- **Supplied material**:

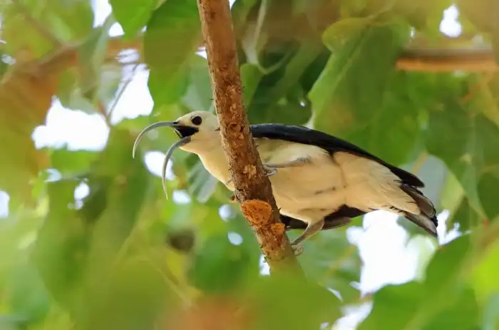 Предсказывать будущее серпоклювая ванга не умеет, но для мелкой живности она точно вестник неприятностей. Ведь одними древесными вредителями её рацион не ограничивается. Серпом-клювом птица пожинает жизни червей, тараканов, сверчков и даже рептилий. К тому же хрустеть мелкими животными птички предпочитают в большой компании из 30-50 пернатых друзей.
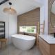 Tato vila s klimatizací má 4 ložnice, kuchyň s kompletním vybavením včetně lednice a myčky nádobí a 5 koupelny. Koupelna v ubytování Luxury Villa Ohana disponuje vanou i sprchou.
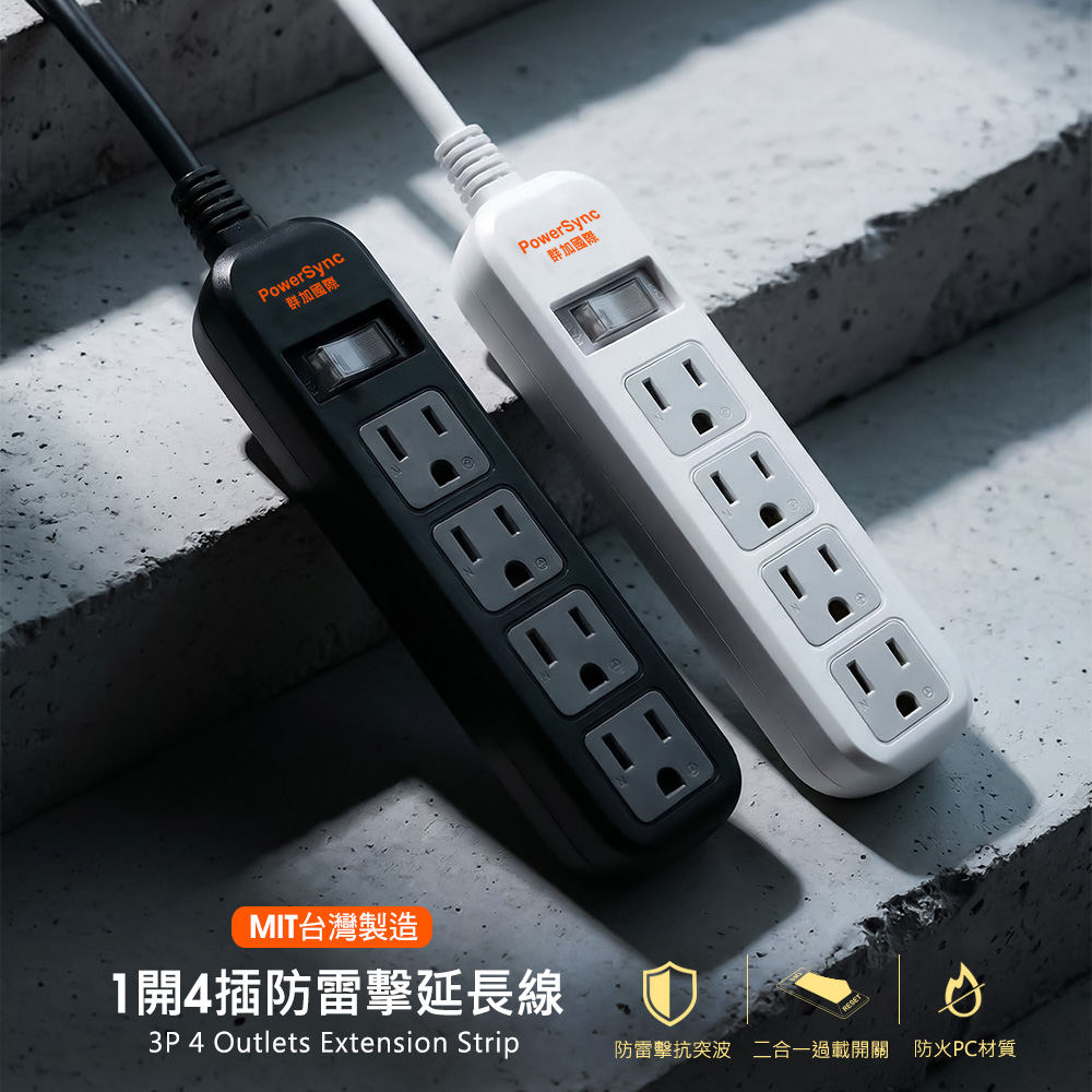 ● 品名:直立式1開4插防雷擊抗搖擺延長線-白色
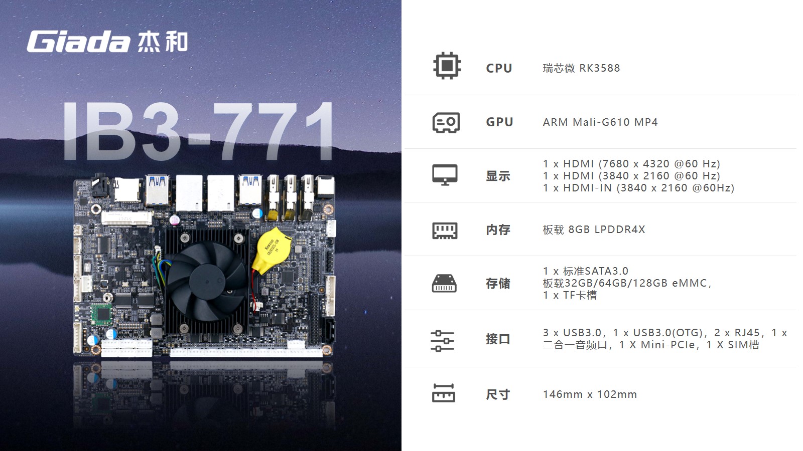 CA88(中国区)有限公司科技嵌入式主板IB3-771是8K人工智能主板,拥有轻算力的它可用于机器人、边缘计算、智能NVR、智能汽车、智慧大屏、AR/VR、ARM PC、智能自助终端等领域,还可用于监控、工业、餐饮、智能交通、文娱产业等对超高清视频需求旺盛的行业;

- **What the task requires**:
Counting both ends, reproduce word for word the lines from the line with "Tato vila s" to the final line of the listing above, skipping every picture.

- **Output of the task**:
 Tato vila s klimatizací má 4 ložnice, kuchyň s kompletním vybavením včetně lednice a myčky nádobí a 5 koupelny. Koupelna v ubytování Luxury Villa Ohana disponuje vanou i sprchou.
 ● 品名:直立式1開4插防雷擊抗搖擺延長線-白色
 CA88(中国区)有限公司科技嵌入式主板IB3-771是8K人工智能主板,拥有轻算力的它可用于机器人、边缘计算、智能NVR、智能汽车、智慧大屏、AR/VR、ARM PC、智能自助终端等领域,还可用于监控、工业、餐饮、智能交通、文娱产业等对超高清视频需求旺盛的行业;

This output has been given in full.